As a first-generation college student and native of Richmond, Whitney Brown had high aspirations to improve life in her community. She channeled those ambitions into public service in Virginia and Richmond, where she will continue to serve after graduation, and has never looked back.
Prior to attending Virginia Commonwealth University, Brown was an officer with the Richmond Police Department. Her work experiences have given her perspective on the complexities of governance and public service.
“Being a police officer has helped me emphasize the importance of community engagement, community outreach and maintaining strong relationships of mutual trust between the government and its constituents,” said Brown, who earned a master’s degree in May. in public administration L. Douglas Wilder School of Government and Public Affairs. “I also think it helped me frame things through a social justice framework and an equity lens.”
After earning her undergraduate degree in legal studies, government services and public policy at Penn State University, Brown, who grew up in the Church Hill neighborhood of Richmond, sought further education and became familiar with the strong reputation and ranking of the MPA program at the Wilder School. She liked the idea of staying local and also got tuition coverage as a double Wilder Graduate Researchers scholarship holder, a key factor that determined her decision to go to doctoral school.

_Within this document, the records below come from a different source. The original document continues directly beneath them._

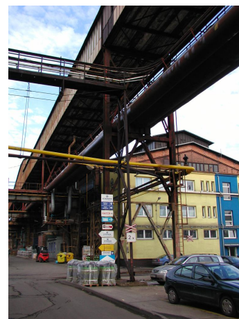
most C-D na území Divize D500, pod ním zavěšené potrubí koksového plynu, zemníhoplynu, parovodu
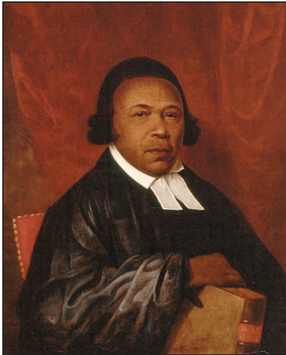
Retrato de Absalom Jones por Raphaëlle Peale, en 1810

Jones se convirtió en un miembro activo de la Iglesia Metodista Episcopal de San Jorge en Filadelfia, sirviendo como predicador laico de los miembros negros de la congregación. Fue un orador dotado, y Jones incrementó la membresía de los negros en la Iglesia a un ritmo tan rápido que los feligreses blancos comenzaron a tratar de separar la congregación; los funcionarios de la iglesia les dijeron a los feligreses negros que iban a tener que sentarse en el balcón. Después de un servicio de domingo en noviembre de 1786, cuando los escoltas trataban de obligar a todos
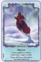
Merrow ○15/55 ◆S15/55
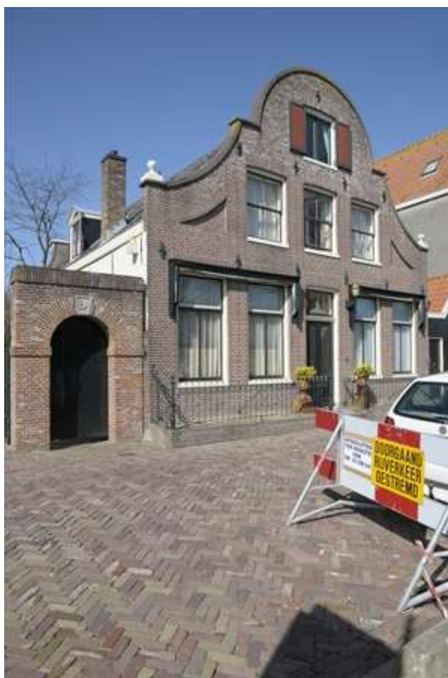
Voorgevel van Nieuwehaven 67.
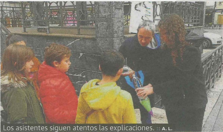
Los asistentes siguen atentos las explicaciones. :: A. L.

Tecnología), para el impulso de las vocaciones científicas y tecnológicas. El proyecto pretende acercar, a los jóvenes y a la ciudadanía en general, a la ciencia, la tecnología, las artes y las matemáticas de una forma más dinámica a través de unos talleres gratuitos en los que se cuenta con profesionales especializados en mostrar sus conocimientos de forma muy atractiva. Aún quedan plazas para inscribirse para los días 26, 27, 28 y 29 de diciembre. Para ello hay que acudir al edificio Torre-
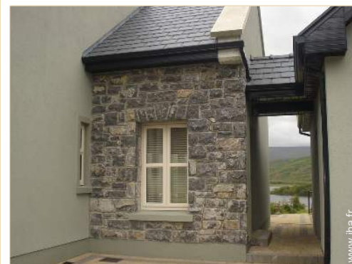
Appartement de Prestige
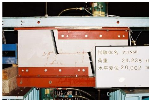
ジョイント部実験

ジョイント部の鉄筋の収まりを工夫し、実験によりその挙動を検証、現場作業の省力化を提案します。
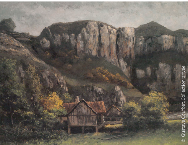
Le Moulin, 1872.

À droite du panorama de Renédale, la cuvette que forme le synclinal de Syratu est facilement observable avec les rochers étagés et peints par Gustave Courbet. Partie intégrante des œuvres, le magnifique massif de calcaire du jurassique moyen (170 millions d'années) est dénommé Rocher de la Grande Baume.
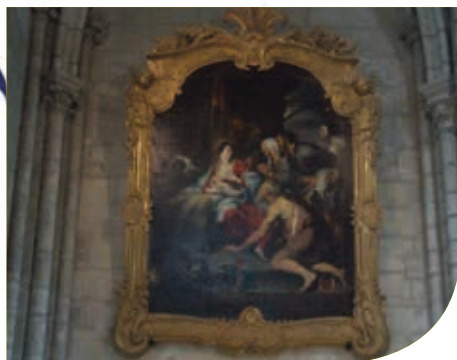
The « Adoration of the Shepherds » by Rubens

A few steps away, admire the statues of the chapels of the ambulatory as well as the decoration of the choir attributed to Michelangelo Slodtz, famous french sculptor of the 18th century.

In addition to her rigorous coursework, Brown gained work experience as a Virginia Fellow of the Governor at the office of Governor Ralph Northam’s Secretary of Administration. She made such an impact that when her fellowship ended, she was chosen to stay on as a special assistant and program manager.
Brown has conducted research on policies related to COVID-19, data compliance, gender and sexual orientation in worker protections and employee engagement. She has also provided strategic advice and analysis on policy developments and implemented diversity, equity and inclusion pilot projects in state agencies. Additionally, she wrote speeches and talking points for the Governor, First Lady, and President Pro Tempore of the Virginia Senate and served as Program Coordinator for the Annual Meeting. women in innovation conference.

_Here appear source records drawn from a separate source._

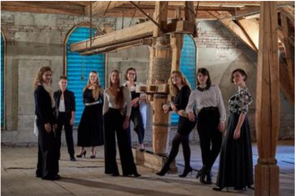
VoiceMix, Essen, 8 Mitwirkende
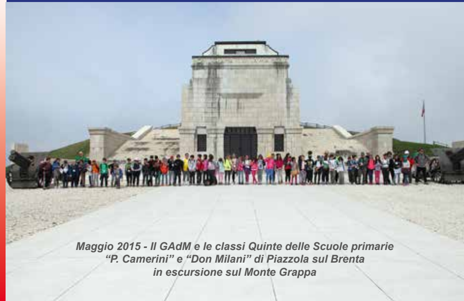
Maggio 2015 - Il GAdM e le classi Quinte delle Scuole primarie "P. Camerini" e "Don Milani" di Piazzola sul Brenta in escursione sul Monte Grappa
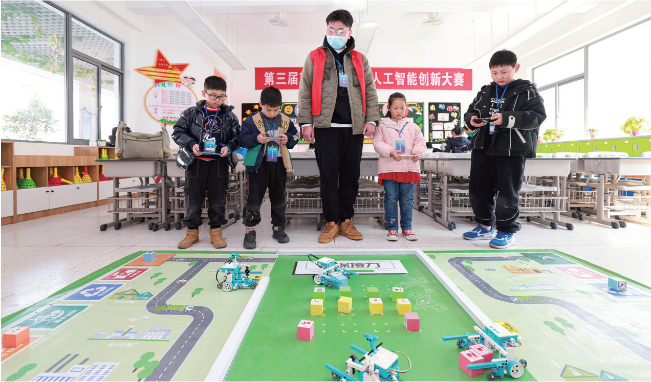
26日，南通开发区实验小学教育集团龙腾校区，学生在比赛中。当天，由市科学技术协会、市教育局主办的第三届南通市青少年人工智能创新大赛——智能车挑战赛、机器人任务挑战赛在南通开发区实验小学教育集团龙腾校区举行，来自全市各小学和幼儿园的600多名选手参赛。

市生态环境局苏锡通园区分局相关负责人介绍，在前期对辖区内所有使用活性炭吸附设施的工业企业进行全面排查后发现，部分企业在活性炭使用中存在以次充好、购买使用低碘值劣质活性炭、炭箱未规范填充、填充夹层过小等问题，不利于环境质量持续改善。举办此次培训会，旨在帮助企业管理人员增加环保管理知识储备，提高业务能力，进一步规范企业活性炭治理设施的使用及管理。
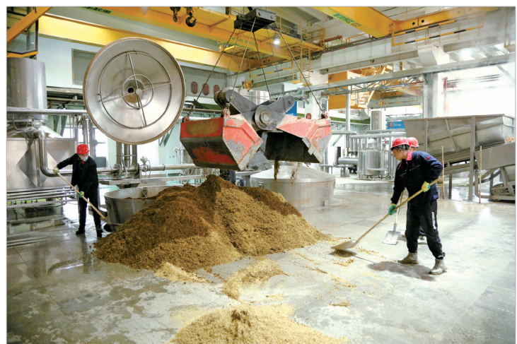
陕西西凤酒股份有限公司 907 制酒车间生产场景
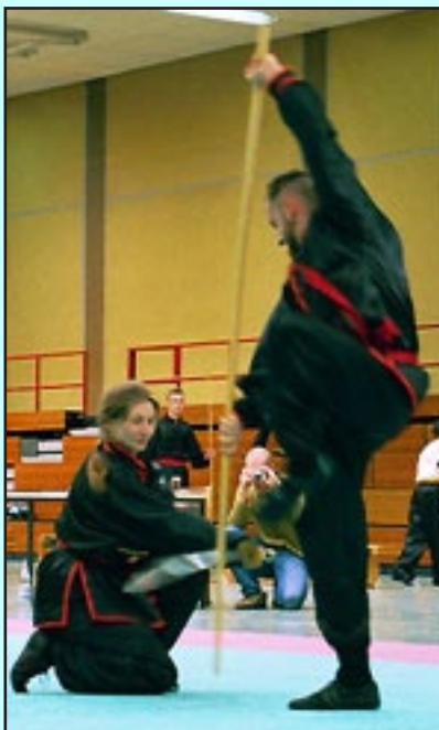
Traditionelle Partnerkampf Formen
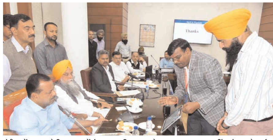
चंडीगढ़ में बुधवार को विधान सभा में पंजाब राज्य विधान सभा के अध्यक्ष सरदार कुलतार सिंह संदवान से कर्नाटक के विधानसभा अध्यक्ष यूटी खादर ने मुलाकात की और आवश्यक जानकारी प्राप्त की।
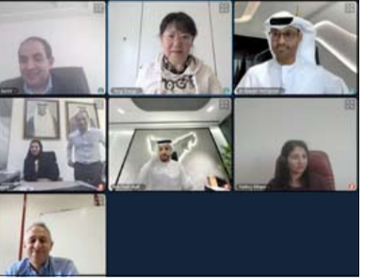
ويكس هذا التعيين ثقة المجتمع الدولي برويته وخبرته، ويجسد الدور المتنامي للمنطقة العربية في صياغة المعايير التي تركز عليها منظومة الأمن الرقمي العالمي.

أعلن الاتحاد الدولي للاتصالات، تعيين سعادة الدكتور محمد الكويتي، رئيس الأمن السيبراني لجهة الامارات، رئيساً للمجموعة الإقليمية العربية التابعة للجنة الدراسات الـ 17 بقطاع تقييم الاتصالات في الاتحاد (SG17RG-ARB)، وذلك عقب اختتام الاجتماع الافتراضي للمجموعة المعني بالدول العربية في 18 مايو 2026. تعد لجنة الدراسات الـ 17 التابعة لقطاع تقييم الاتصالات في الاتحاد الدولي للاتصالات، الجهة الدولية المعنية بجمال تقييم أمن المعلومات إذ تعمل على تطوير المعايير العالمية في مجالات الأمن السيبراني، وإدارة الهوية، والخصوصية، والتقنيات الناشئة، وتضطلع بدور محوري في الربط بين أولويات الأمن السيبراني الإقليمية والمعايير الدولية التي يتقو عليها مستقبل رقمي آمن وموثوق. ويتمتع الدكتور الكويتي، بسجل حافل في قيادة جهود الأمن السيبراني على المستويين الوطني والدولي، إذ أسهم في ترسيخ مكانة دولة الإمارات كقوة سيبرانية معترف بها عالمياً، وقاد جهود تعزيز التعاون الإقليمي في العالم العربي.
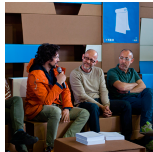
Design For 2015 18 aprile 2015 - Din 2015, zona Lambrate
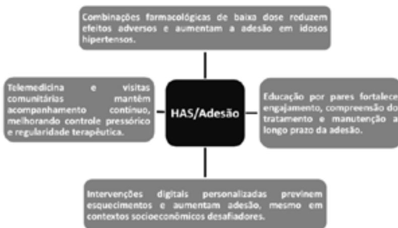
FIGURA 2: Síntese dos resultados mais encontrados de acordo com os artigos analisados.
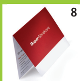
8 Super- gavekort på 200 kr.
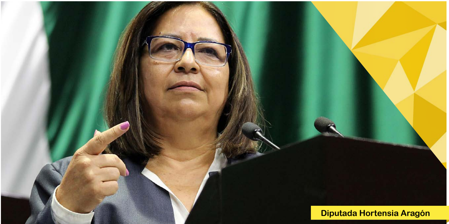
Diputada Hortensia Aragón
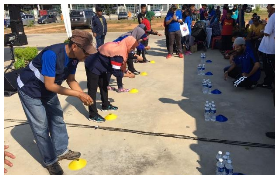
Foto: Festival sukan rakyat di Kluang
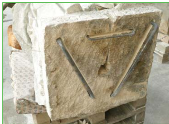
Socha v dílně pana Tůmy
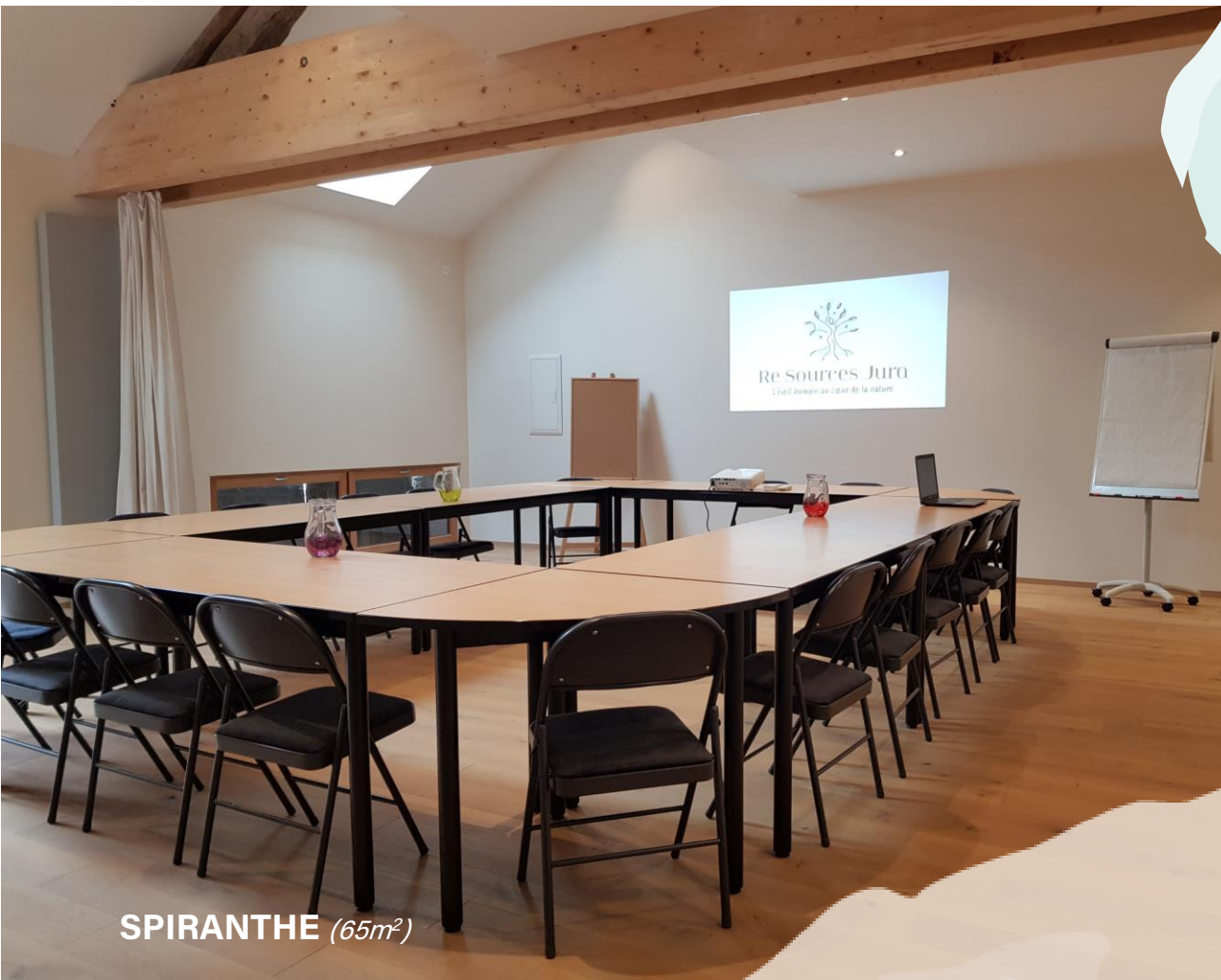
SPIRANTHE (65m 2 )

While at the Wilder School, Brown gained extensive research experience. She has developed several research projects, including the Goochland Housing Needs Assessmentand author blog posts for Housing Forward Virginiaauthored an article on “Ensuring health protection in prisons during COVID-19” with recommendations for the Virginia COVID-19 Health Equity Task Force and presented research on best practices for local government transitions as Founding Member of the American Society for Public Administration 2022.
Somehow, during her busy schedule, she found time to become the General Vice President of the Public Administration Student Association of VCU and a member of the Board of Trustees of the City of Richmond Human Rights Commission and Maggie Walker Community Land Trust. She has also volunteered with the Richmond OAR, for Richmond City Council member Stephanie Lynch, and even refereed basketball for Richmond area high schools.
“My inspiration for giving back is to give people access, or better access, to things that I never had,” Brown said. “It’s a way of combining my passions and the things I love with the needs of others. I want to make the world a better place than it was when I arrived, that’s why I give back.
Brown has accumulated numerous accolades, including fellowships with Housing Opportunities Unlimited and Housing Forward Virginia, the VCU 2021 Edward E. Willey Graduate Award for Excellence, a VCU Department of African American Studies Black History in the Making Award, and induction into Pi Alpha Alpha National Honor Society for Public Affairs and Administration. His team achieved third place in the international ranking Network of Schools of Public Policy, Business and Administration NASPAA-Student Batten simulation contest.
“I think the two things that helped me succeed at VCU were not being afraid to fail and taking advantage of opportunities,” Brown said. “A lot of things I received or did were because I wasn’t afraid of rejection or failure.
“Honestly, I was overwhelmed at times, and got myself into awkward positions trying new things, but it all worked out, and being uncomfortable helps you grow.”
She will soon be sharing more of her experiences and perspectives as a graduate candidate speaker at the Wilder School launch event.
Brown credits her success to the support and affirmation of her mother and the career guidance and support she received from Wilder School Dean Susan Gooden, Ph.D.; Shajuana Isom-Payne, Ph.D., Associate Dean of Student Success; Nia Rodgers, Public Affairs Research Librarian; and faculty members of Brown’s MPA program, among many other supporters along the way.
“I’m by no means the perfect student, but I work hard and always try to do my best,” Brown said. “I deserve all the good things that come my way.”
After graduation, Brown will focus on his new role as Chief of Staff and Council Liaison for Richmond First District Council Member Andreas Addison. Brown’s career aspirations continue to grow, but her goal is clear.
“I just want to continue to be a public servant who works directly with citizens,” Brown said. “I want to help inform policy and legislation to build a more equitable world.”